You notice that when logging onto the system , the following message pops-up in the screen:
"Number of failed password logon attempts: 'n' (see long text)"
 
Environment

SAP NetWeaver Release 7.31 onwards
 
Solution:
 
What the user need to do:
 
1) The user need to know his/her correct SAP login password.
 
2) Login SAP once using the correct SAP user name and password.
 
Once the system detect the correct password, the pwd-logon counter will be reset to initial and the pop-up failed logon attempts will no longer appear.
 
---
 
This is self-explantory if you read the SAP information correctly. 
 
Number of failed password logon attempts: 3 (see long text) Message No. 00788
 
Diagnosis
 
One or more failed attempts made to log on to the system with a password and your user name. Failed logon attempts could be caused by you (typo when entering hidden password) or could be an indication of an attempt by a third party to guess your password.
 
System Response
 
Every failed attempt to log on with a password is counted. When a preconfigurable threshold value is exceeded, any further password logon attempts are blocked to keep your password from being guessed.
 
This counter is reset after a successful password logon. This message tells you the value before the deletion.
 
If you log on to the system in another way (with Single Sign-On, not with a password), the value of the counter remains unchanged. The number of failed password logon attempts is displayed again at the next logon.
 
Procedure
 
If you suspect that other people are attempting to guess your password, you should contact your system administrator. The system administrator can then log any logon attempts where additional information (time stamp, network address, and so on) is recorded which could help to determine the cause.
 
If you are also able to log on to the system without a password  (using Single Sign-On), you should consider deactivating the password that is no longer required. Neither you nor other people can log on to the system using your user name and the deactivated password, further password logon attempts are denied.

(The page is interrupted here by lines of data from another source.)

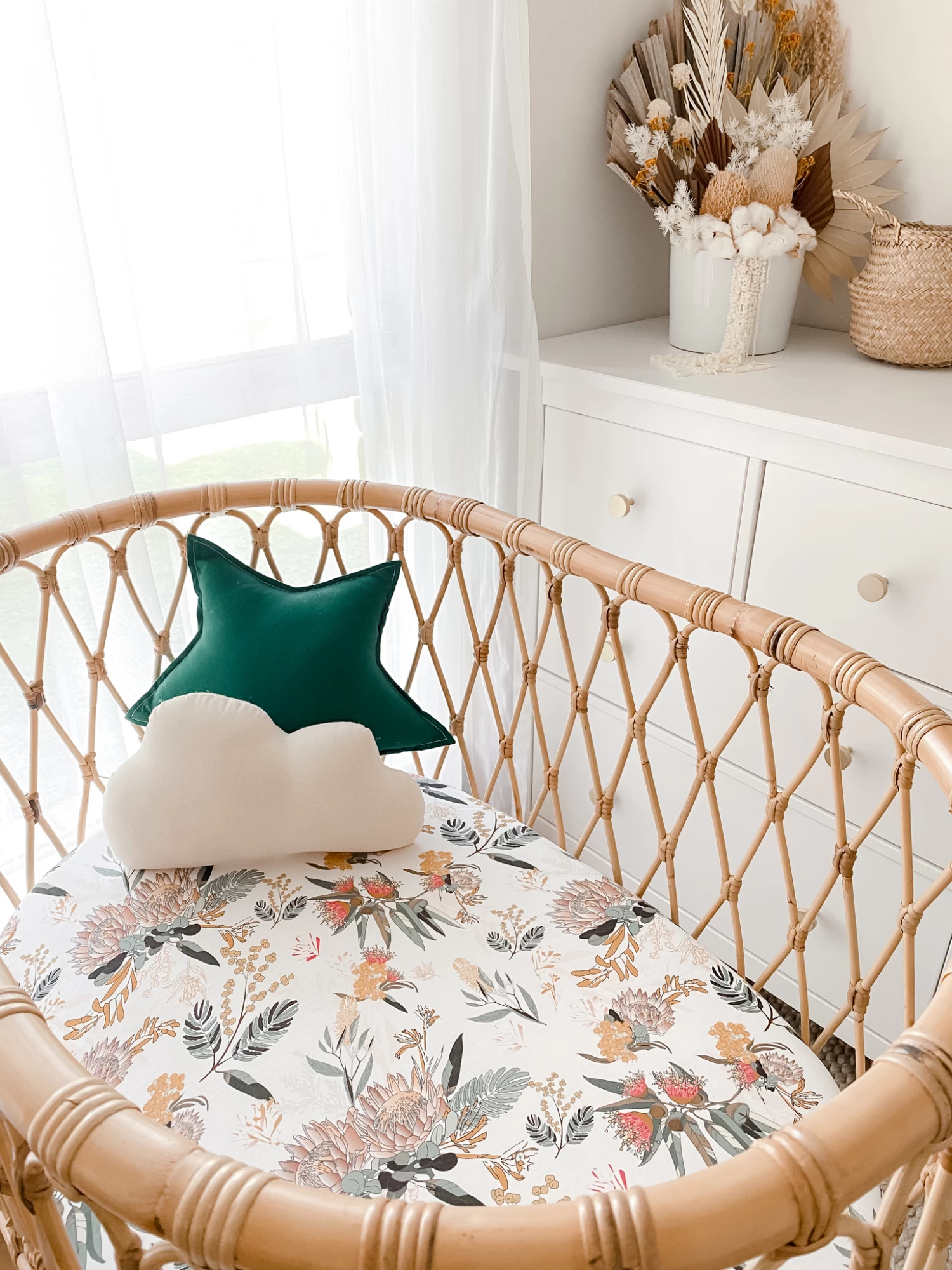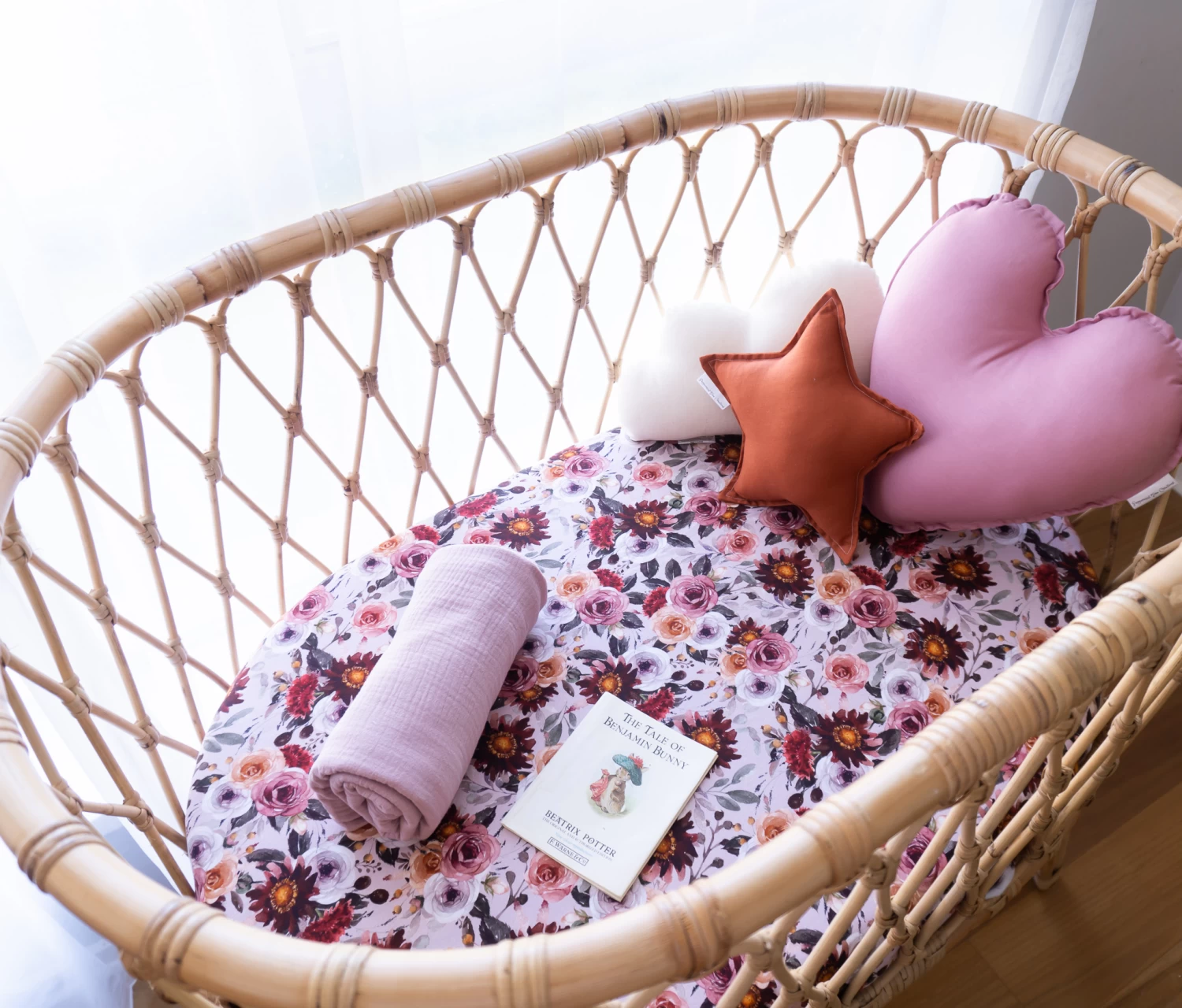The Snuggly Jacks Fitted Bassinet Sheet Blithe Floral is multi purpose and fits perfectly as a change mat cover or on your round or rectangle bassinet.
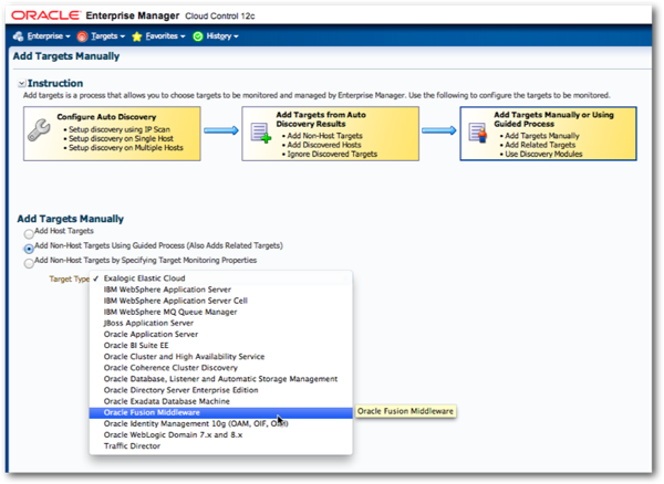 So at this point the management agent software will be deployed to the server, but none of the WebLogic, database or BI software will be registered with EM yet. To do this, on the screen that's again displayed after you've registered the host itself, select Add Non-Host Targets using Guided Process (Also Adds Related Targets) option, then from the Target Type drop-down menu select Oracle Fusion Middleware, and then press the Add Using Guided Discovery… button to start the process by registering the WebLogic installation which in turn hosts OBIEE 11g.
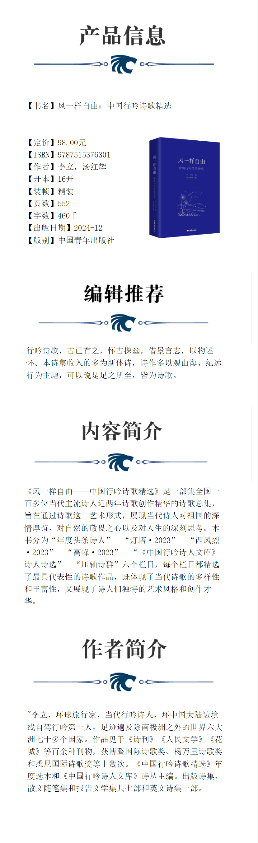 风一样自由:中国行吟诗歌精选 李立 汤红辉著 中国青年出版社
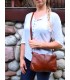 Skórzana Torebka Worek Listonoszka 2w1 z kosmetyczką Brązowo-rudy
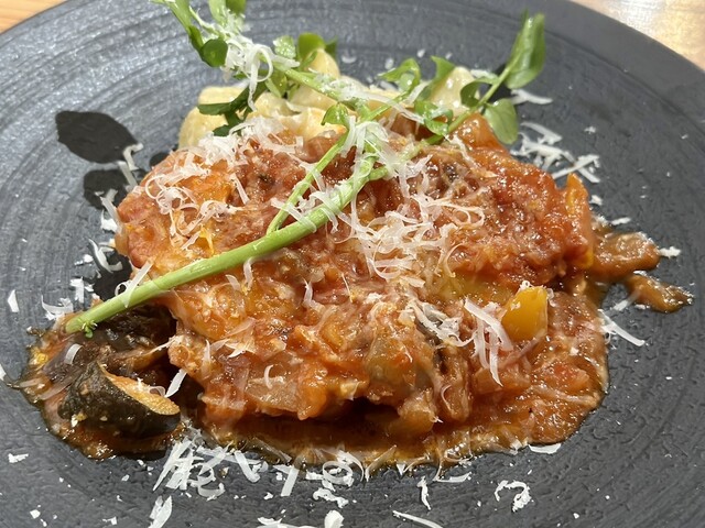鶏肉のトマト煮込みは鶏肉がやわらかく、トマトソースは甘め、他にも茄子やパプリカもありました!ニョッキも添えてあり、モチモチでした!この鶏肉のトマト煮込みはかなり美味しかったです✨✨ライスも結構なボリュームでした!
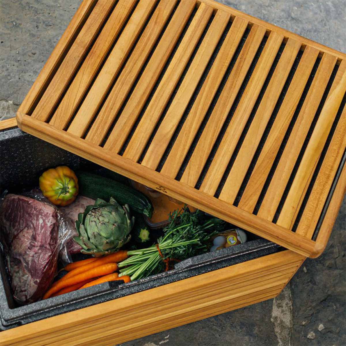 * The teak wood should be oiled regularly. It is recommended to store the OFYR Cooler inside when not in use.
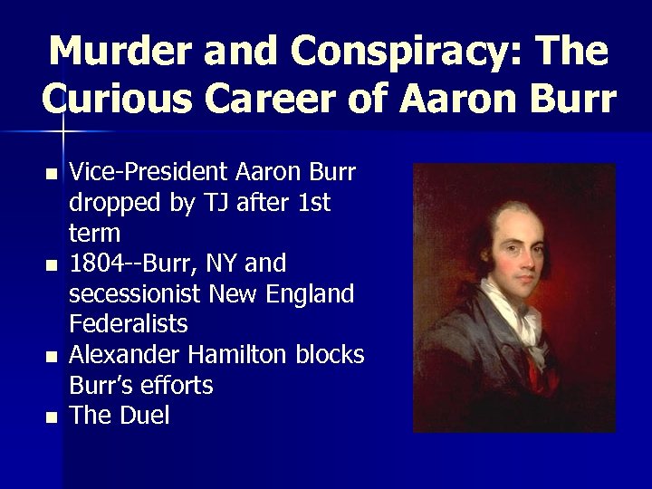 Murder and Conspiracy: The Curious Career of Aaron Burr n n Vice-President Aaron Burr dropped by TJ after 1 st term 1804 --Burr, NY and secessionist New England Federalists Alexander Hamilton blocks Burr’s efforts The Duel
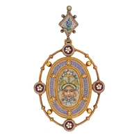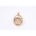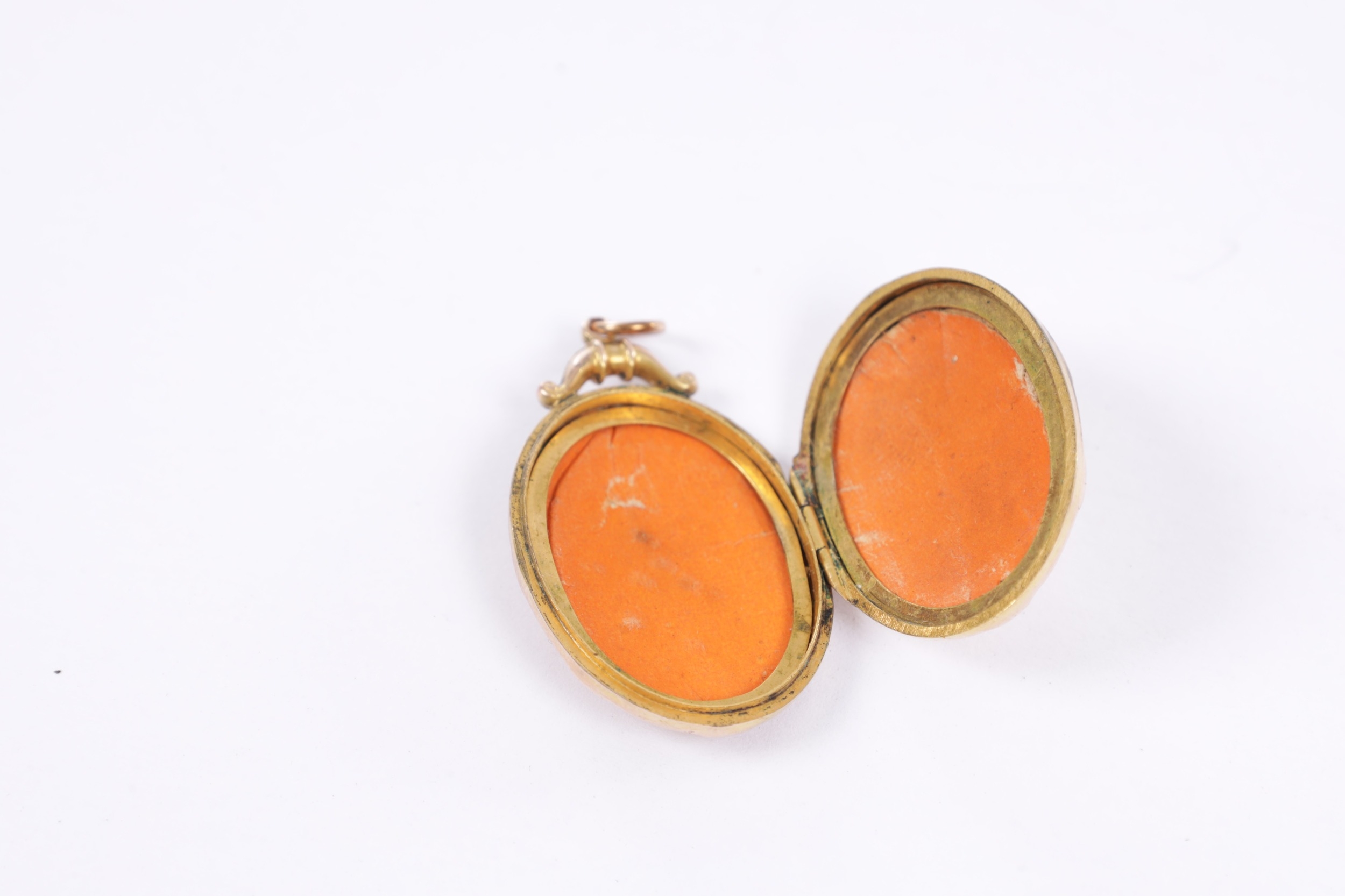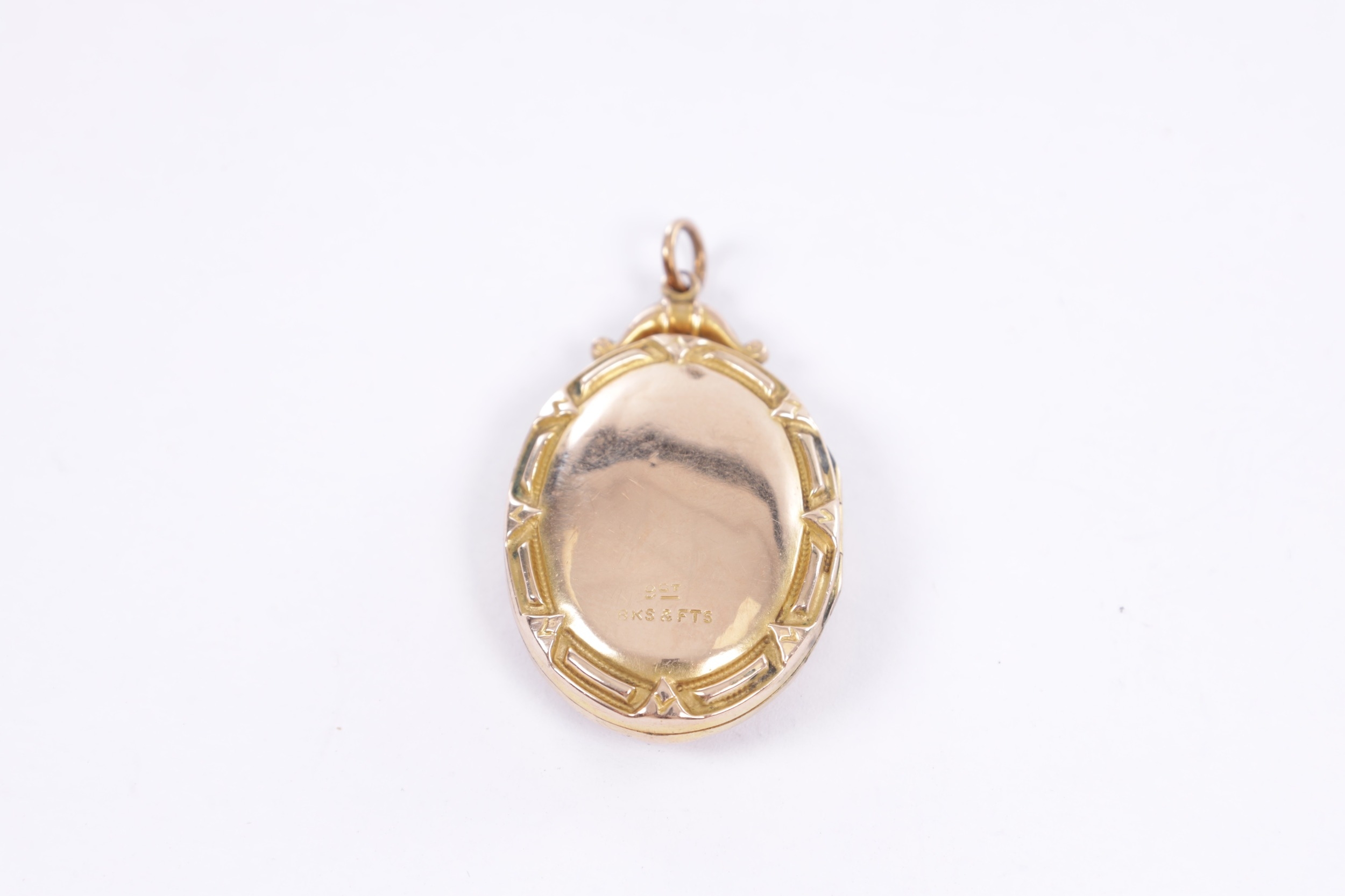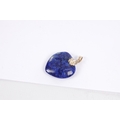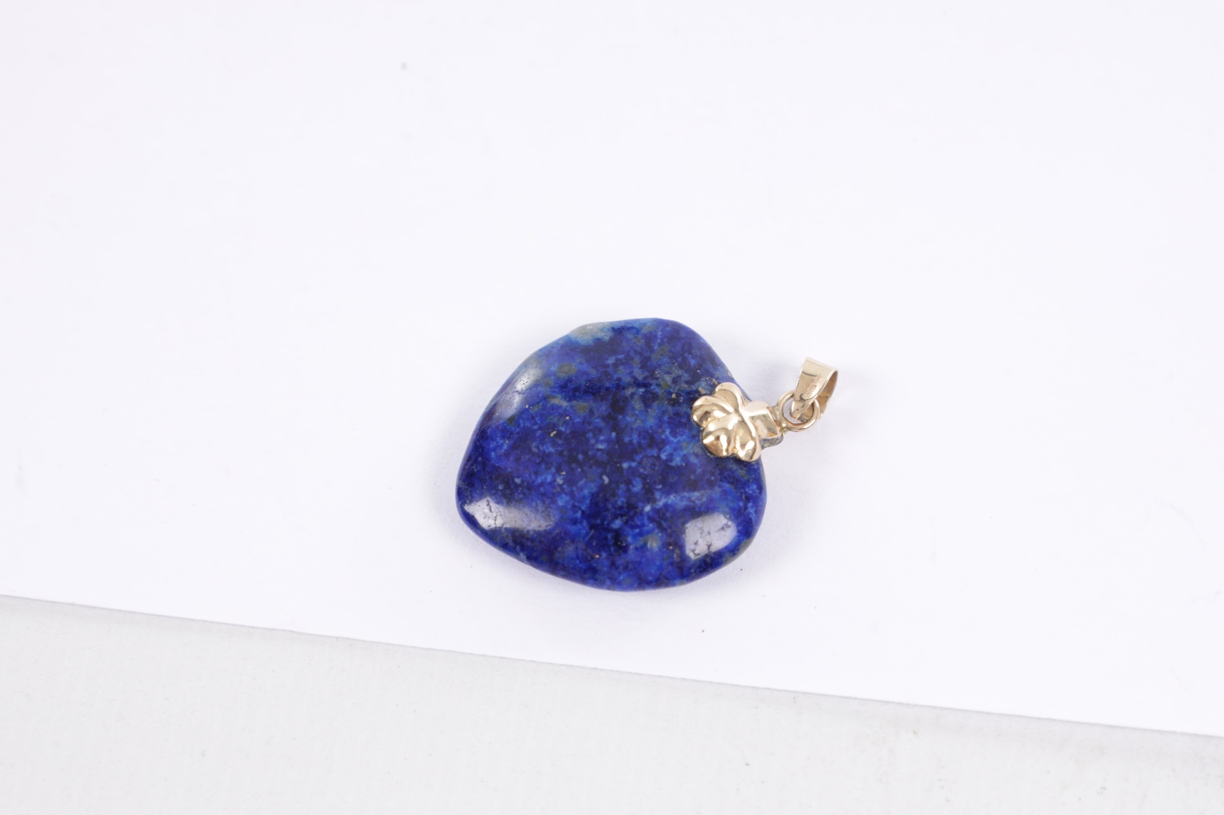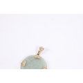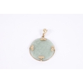 THREE 9CT GOLD MOUNTED PENDANTS, comprising a gold mounted lapiz lazuli heart-shaped pendant, a gold mounted circular jade pendant with Chinese script, and an oval gold locket pendant set with engraved jewelled decoration, total weight app. 18g. (3) (jade pendant is 26mm diameter)
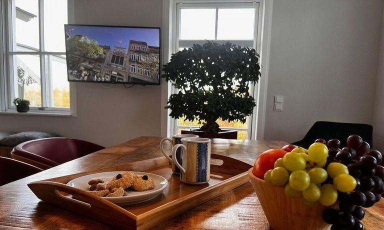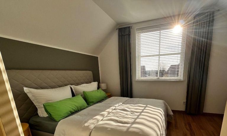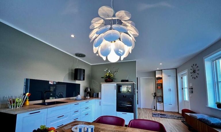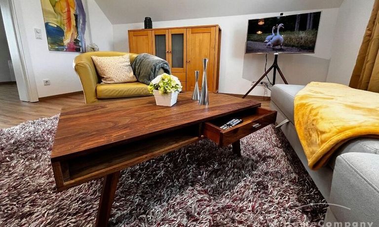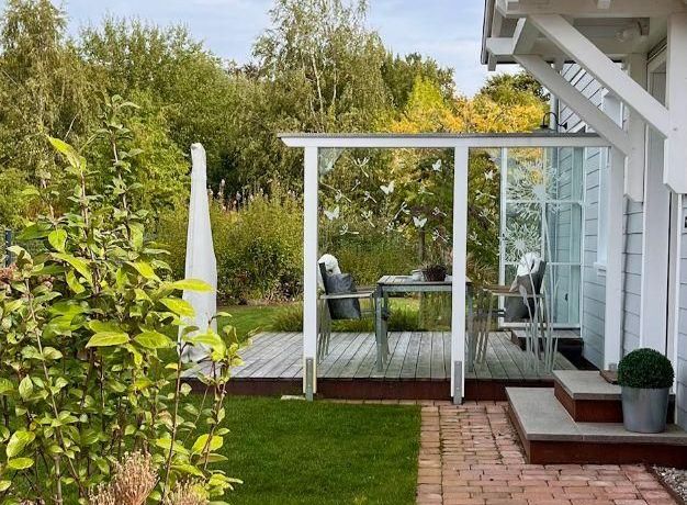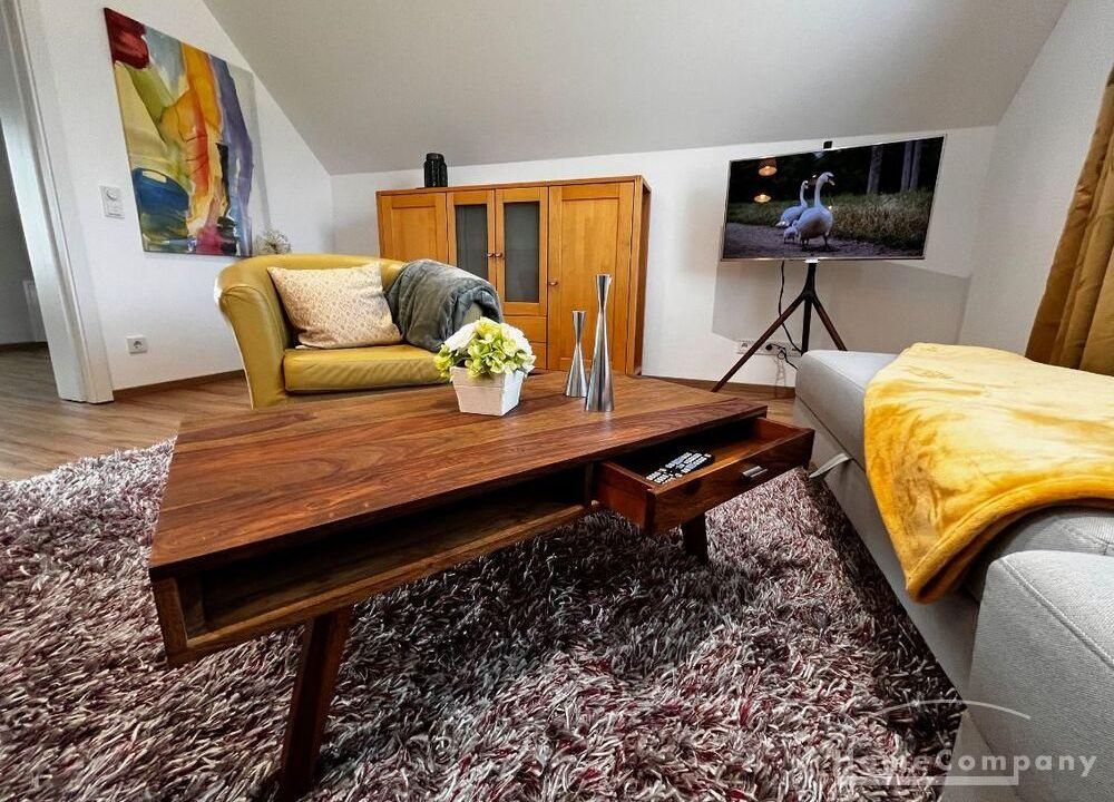 Geschmackvoll eingerichtete 2 Zimmer Wohnung mit sep. Eingang und Terrasse in einem großen 2 Familienhaus ca. 80 m² mit moderner Küchenzeile mit Einbauküche, Geschirrspüler, Esstisch, Stühle und TV – Zugang zur Terrasse mit Weber Grill und Gartenmöbel, im 1. OG – Wohnraum ausziehbare Couch und TV, im Flur – Kleiderschrank und Schreibtisch, Schlafraum mit Doppelett, DU/WC mit Waschtrockner, NICHTRAUCHER, WLAN vorhanden, in der gesamten Wohnung – Fußbodenheizung und kontrollierte Wohnungslüftung, Parkplatz auf dem Grundstück, sehr ruhige Lage – ca. 100 m bis zum See

If it is not possible to log on to the system by password, this is no longer displayed to you in a warning message (about any failed password logon attempts).
 
Procedure for System Administration
 
Use the Security Audit Log to log both failed and successful logon attempts.
 
Ratioinal Behind This Failed Password Pop-up
 
The rationale behind a counter for failed password logon attempts is that passwords can be guessed (not only stolen) and thus it is needed to limit the number of permissible failed logon attempts. Unfortunately, the system cannot differentiate between accidental typos of the legitimate user and the attempts of an attacker to guess your password. Hence, the system will make an alert to inform you that there have been failed password logon attempts to your User ID. Then, you should be able to judge whether it was likely you or someone else who has caused this.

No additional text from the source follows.